Records for the task:
·····
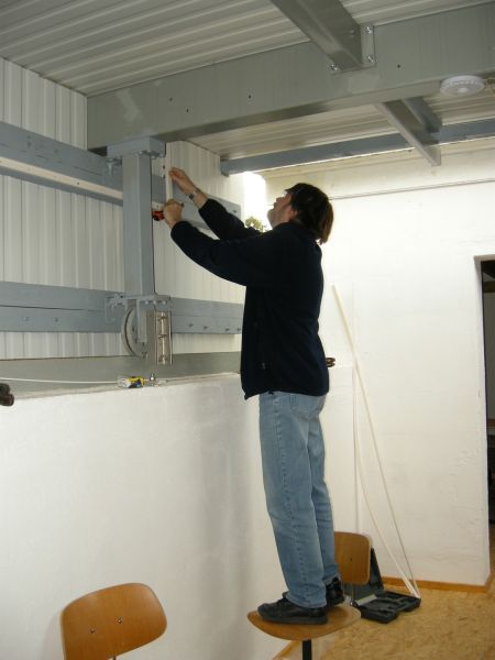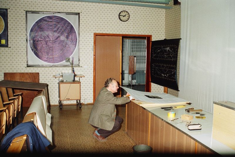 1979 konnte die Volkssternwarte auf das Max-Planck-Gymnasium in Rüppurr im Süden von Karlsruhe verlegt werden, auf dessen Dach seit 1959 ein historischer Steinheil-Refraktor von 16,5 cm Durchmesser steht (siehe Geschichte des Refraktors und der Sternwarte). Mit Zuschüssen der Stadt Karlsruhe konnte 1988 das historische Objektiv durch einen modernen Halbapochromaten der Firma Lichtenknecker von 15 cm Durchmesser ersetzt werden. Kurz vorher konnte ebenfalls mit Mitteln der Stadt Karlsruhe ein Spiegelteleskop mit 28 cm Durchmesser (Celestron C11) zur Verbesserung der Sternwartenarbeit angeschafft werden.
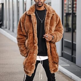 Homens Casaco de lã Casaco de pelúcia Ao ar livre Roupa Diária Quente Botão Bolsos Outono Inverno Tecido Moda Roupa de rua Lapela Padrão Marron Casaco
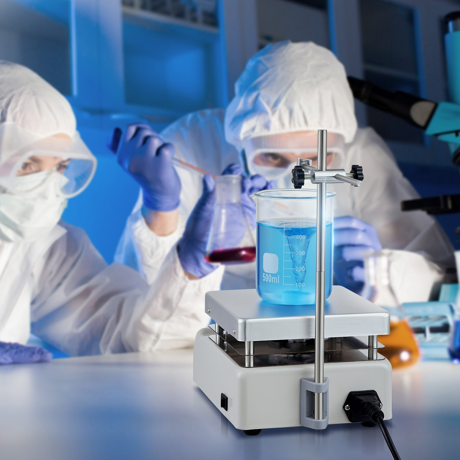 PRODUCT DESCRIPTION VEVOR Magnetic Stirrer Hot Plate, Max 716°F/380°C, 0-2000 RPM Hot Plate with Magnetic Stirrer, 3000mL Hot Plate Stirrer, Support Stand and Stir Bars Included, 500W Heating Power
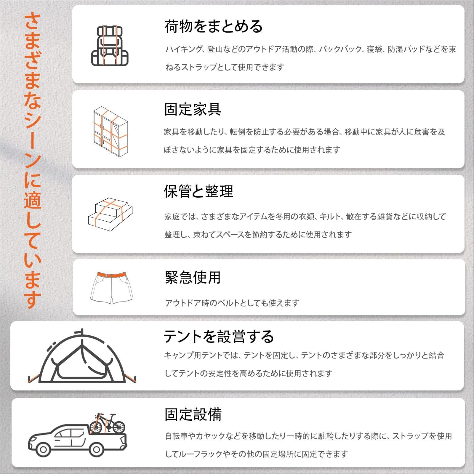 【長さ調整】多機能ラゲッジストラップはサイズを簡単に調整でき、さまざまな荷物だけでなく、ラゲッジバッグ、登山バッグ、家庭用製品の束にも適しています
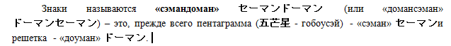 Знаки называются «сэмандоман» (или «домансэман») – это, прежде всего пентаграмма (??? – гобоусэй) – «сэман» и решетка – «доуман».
·····
Problem:
Beginning with the first line of the records, write out every line up to and including the one with "Homens Casaco de", exactly, and omit all pictures.

Response to this task:
 1979 konnte die Volkssternwarte auf das Max-Planck-Gymnasium in Rüppurr im Süden von Karlsruhe verlegt werden, auf dessen Dach seit 1959 ein historischer Steinheil-Refraktor von 16,5 cm Durchmesser steht (siehe Geschichte des Refraktors und der Sternwarte). Mit Zuschüssen der Stadt Karlsruhe konnte 1988 das historische Objektiv durch einen modernen Halbapochromaten der Firma Lichtenknecker von 15 cm Durchmesser ersetzt werden. Kurz vorher konnte ebenfalls mit Mitteln der Stadt Karlsruhe ein Spiegelteleskop mit 28 cm Durchmesser (Celestron C11) zur Verbesserung der Sternwartenarbeit angeschafft werden.
 Homens Casaco de lã Casaco de pelúcia Ao ar livre Roupa Diária Quente Botão Bolsos Outono Inverno Tecido Moda Roupa de rua Lapela Padrão Marron Casaco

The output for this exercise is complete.